MSCs were isolated from BM in the residua (waste) of BM harvest collection bags obtained from healthy donors undergoing marrow harvest for clinical indications (Children’s Hospital Atlanta, Emory University). Where possible, equal numbers of male and female donors were used for each study. The protocol was classified as exempt from oversight by the Emory University IRB. MSCs were isolated by adherence to plastic cell culture plates (Corning), a method that has been well-documented and a standard for isolating MSCs (48). Cells were then expanded in culture with Dulbecco’s modified Eagle medium (DMEM) supplemented with 10% FBS, 1% penicillin/streptomycin, and 2 mM l-glutamine. In passage 2, our MSCs met the criteria proposed by the International Society for Cellular Therapy, and cells were maintained in culture at ∼60% confluence in media. Media were also supplemented with 1 ng/mL IFNγ (PeproTech) for 48 hours to create IFNγ-primed human MSCs (γMSCs). The resulting media were used for conditioned medium experiments.

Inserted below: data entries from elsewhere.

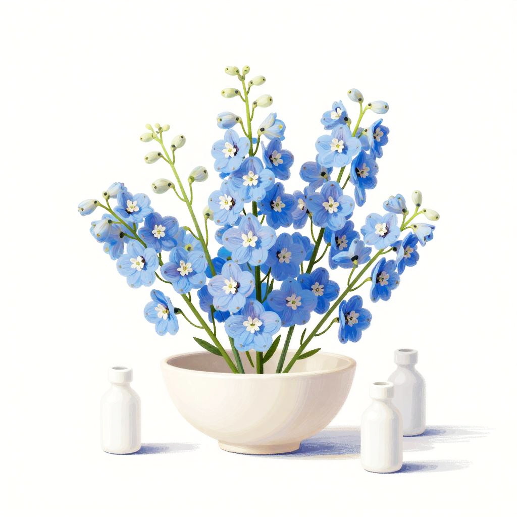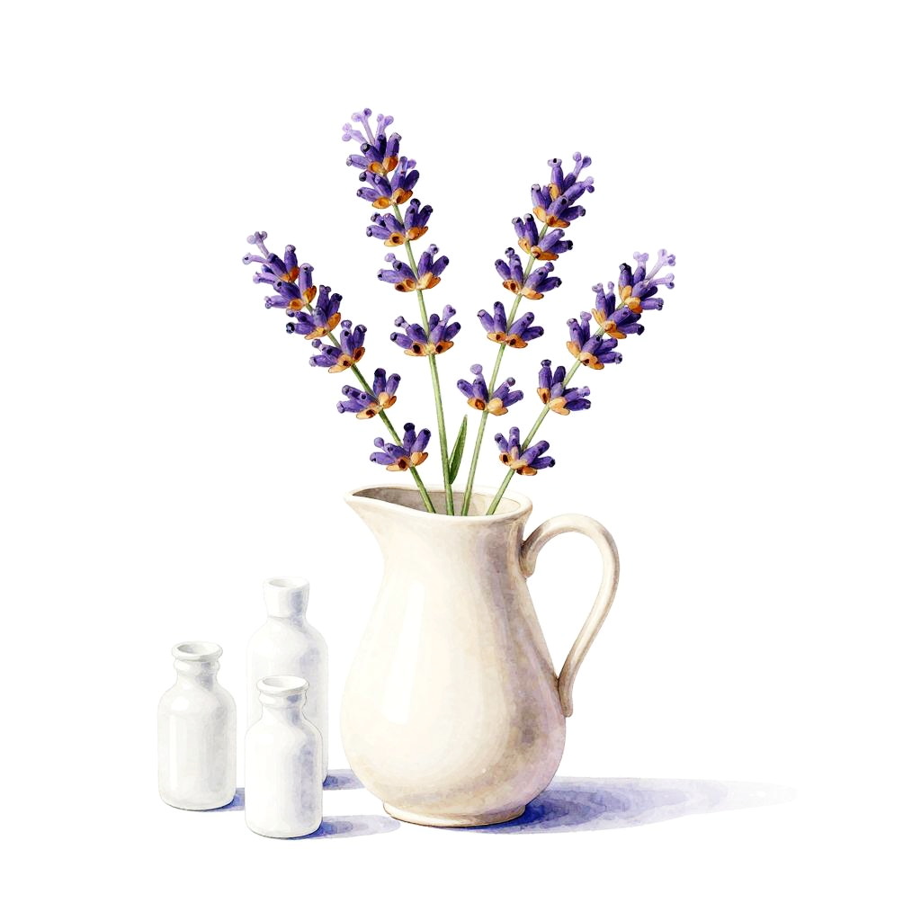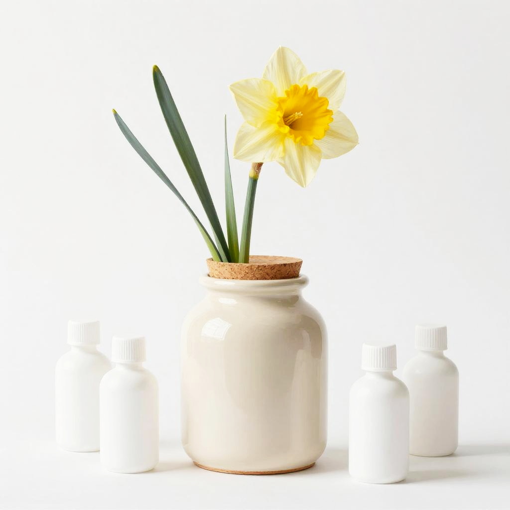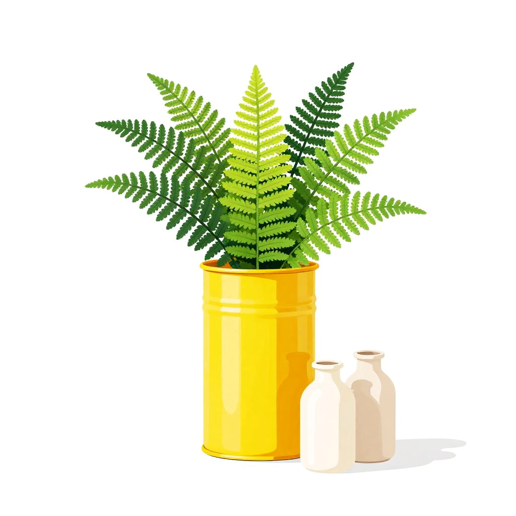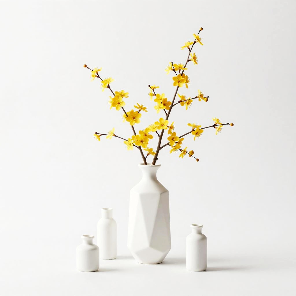 A clean digital crosshatch drawing featuring a matte dark gray asymmetrical vase holding a sparse cluster of small round green leaves, on a seamless white background with three small empty white bottles nearby; high contrast, bold accent colors, thin clean lines, balanced composition, generous negative space, soft studio lighting, modern minimalist aesthetic, crisp edges, no text, no watermark
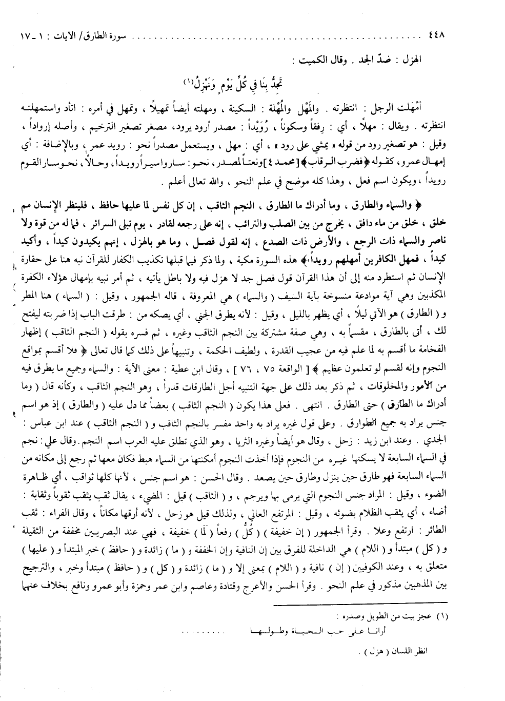 هذه السورة مكية ، ولما ذكر فيما قبلها تكذيب الكفار للقرآن ، نبه هنا على حقارة الإنسان ، ثم استطرد منه إلى أن هذا القرآن قول فصل جد ، لا هزل فيه ولا باطل يأتيه . ثم أمر نبيه بإمهال هؤلاء الكفرة المكذبين ، وهي آية موادعة منسوخة بآية السيف . ) وَالسَّمَاء ( : هي المعروفة ، قاله الجمهور . وقيل : السماء هنا المطر ، ( وَالطَّارِقِ ( : هو الآتي ليلاً ، أي يظهر بالليل . وقيل : لأنه يطرق الجني ، أي يصكه ، من طرقت الباب إذا ضربته ليفتح لك . أتى بالطارق مقسماً به ، وهي صفة مشتركة بين النجم الثاقب وغيره .
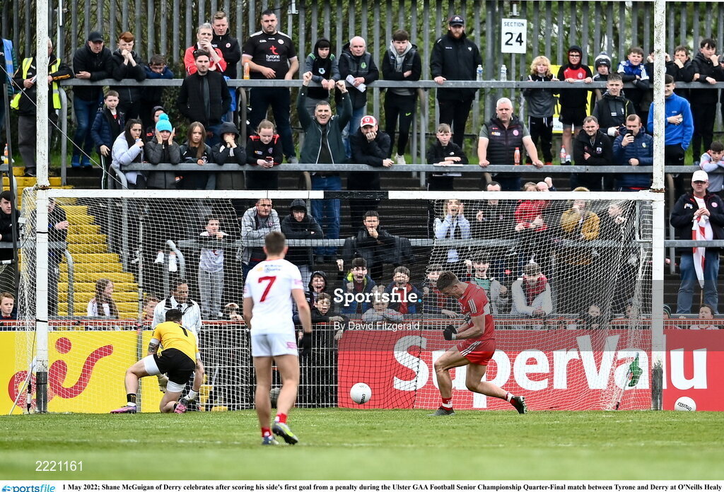 1 May 2022; Shane McGuigan of Derry celebrates after scoring his side's first goal from a penalty during the Ulster GAA Football Senior Championship Quarter-Final match between Tyrone and Derry at O'Neills Healy Park in Omagh, Tyrone. Photo by David Fitzgerald/Sportsfile
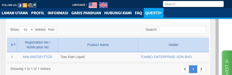 (4) TXL has been registered with the Food and Drug Administration under Ministry of Public Health Malaysia as Traditional Medicine: MAL09072817TCR
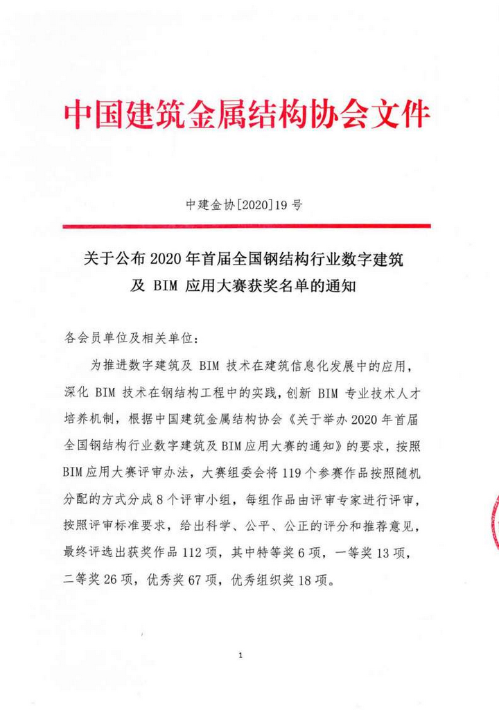 由中國建筑金屬結(jié)構(gòu)協(xié)會主辦的《2020年首屆全國鋼結(jié)構(gòu)行業(yè)數(shù)字建筑及BIM應(yīng)用大賽》評審結(jié)果于2020年9月15日揭曉。我公司由張睿、高華鵬、楊闖、徐敬文、張帝組成的BIM團(tuán)隊提交的參賽項目《潤邦達(dá)美汽車制造業(yè)供應(yīng)鏈產(chǎn)業(yè)園項目(一期)》斬獲大賽優(yōu)秀獎。
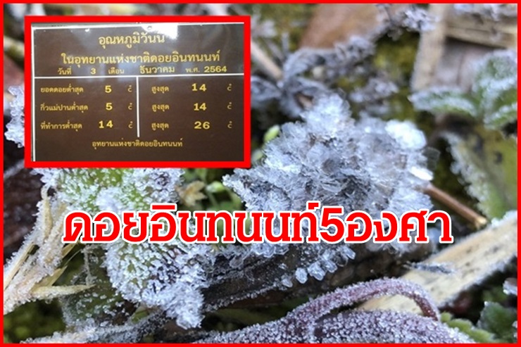 เมื่อวันที่ 3 ธ.ค. 64 บรรยากาศ?เช้าวันนี้ที่ยอดดอยอินทนนท์? อุทยานแห่งชาติดอยอินทนนท์ อำเภอจอมทอง จังหวัดเชียงใหม่ เจ้าหน้าที่อุทยานได้นำภาพและคลิป เกิดปรากฎการณ์น้ำค้างแข็งหรือ เหมยขาบ ที่เกิดขึ้นอีกระลอกเป็นครั้งที่4ของฤดูหนาวปีนี้บริเวณ?ยอดดอย หน่วยพิทักษ์?อุทยาน?และจุดชมวิวกิ่วแม่ปาน? กม.45? หลังมีอุณหภูมิลดต่ำ 5 องศาเซลเซียส ที่ทำการอุทยานแห่งชาติดอยอิทนนท์ กม. 31 วัดได้ 14 องศาเซลเซียส หลังจากอากาศได้หนาวเย็นอีกระลอก นักท่องเที่ยว?ที่ขึ้นไป? 1,708 คนในจำนวนนี้มีชาวต่างชาติ? 106 คน? ต่างเก็บภาพความประทับใจ?ของธรรมชาติเหมยขาบบนยอดดอย?ท่ามกลางทะเลหมอกที่สวยงามและแสงแรกของวันบนยอดดอยสูงที่สุดของประเทศ?ไทยอีกครั้งอย่างไม่ผิดหวังทั้งที่จองไว้ล่วงหน้าและวอล์คอิน? ซึ่งมีการตรวจวัดคัดกรองตามมาตรการเฝ้าระวัง?โรค?โค?วิด?-19? ของกระทรวงสาธารณ?สุขและท่องเที่ยวแบบวิถีใหม่? New? Normal?
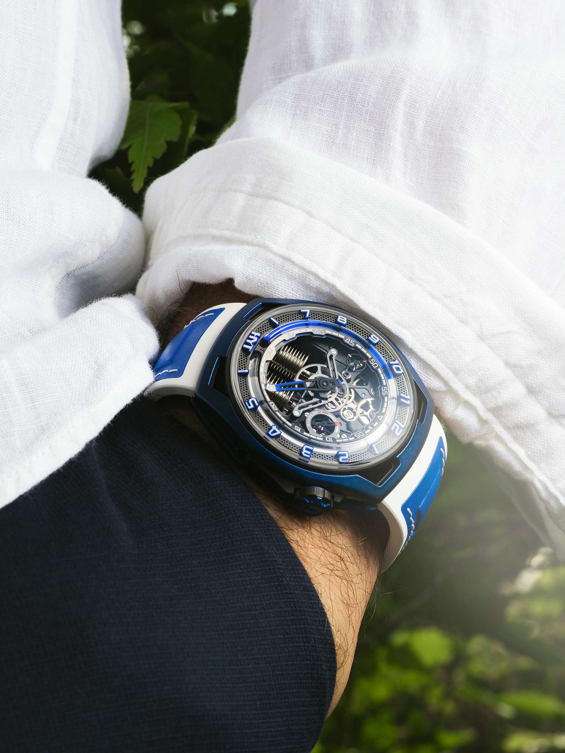 Designed with contemporary elegance and horological mastery, the 41mm timepiece featured a striking blue sunray-patterned dial, a bezel set with 45 baguette-cut blue sapphires, and ZENITH’s signature four-pointed star motif. Powered by the El Primero 3620 movement, it offers a 1/10th of a second display and a robust 60-hour power reserve - all encased in stainless steel with a quick-change system that transitions seamlessly to a blue rubber strap.

2.5 Tissue collection and analysis

Mouse tissue collection was performed at the endpoint of each experiment. Mouse PB was collected using capillary tubes and deposited in tubes containing 10% ethylenediaminetetraacetic acid (EDTA) (Invitrogen, Carlsbad, CA, USA). Samples were centrifuged at 2,400 ×g for 15 minutes at 4°C. The plasma layer was discarded, and the remaining pellet was resuspended in 100 µL phosphate-buffered saline (PBS). Three red blood cell (RBC) lysis steps were performed by adding 3 mL RBC lysis buffer (Sigma), vortexing, and incubating at room temperature for 10 minutes. Samples were centrifuged at 300 ×g for 10 minutes, and the supernatant was discarded. After the last lysis, blood samples were resuspended in 100 µL PBS and stained for flow cytometry. Mouse BM was collected by harvesting femurs and tibias and cutting off the distal bone tips. A 23G needle (BD Horizon, Franklin Lakes, NJ, USA) was used to flush 1 mL PBS through the bone, and the marrow was collected. Samples were centrifuged at 300 ×g for 10 minutes. The supernatant was discarded, and the pellet was resuspended in 200 µL PBS. Samples were transferred to 0.35-µM cell strainers (Chemglass Life Sciences, Vineland, NJ, USA) on flow tubes. Tubes were centrifuged at 300 ×g for 10 minutes. The supernatant was discarded, and one RBC lysis was performed. After centrifugation at 300 ×g for 10 minutes, samples were stained for flow cytometry analysis.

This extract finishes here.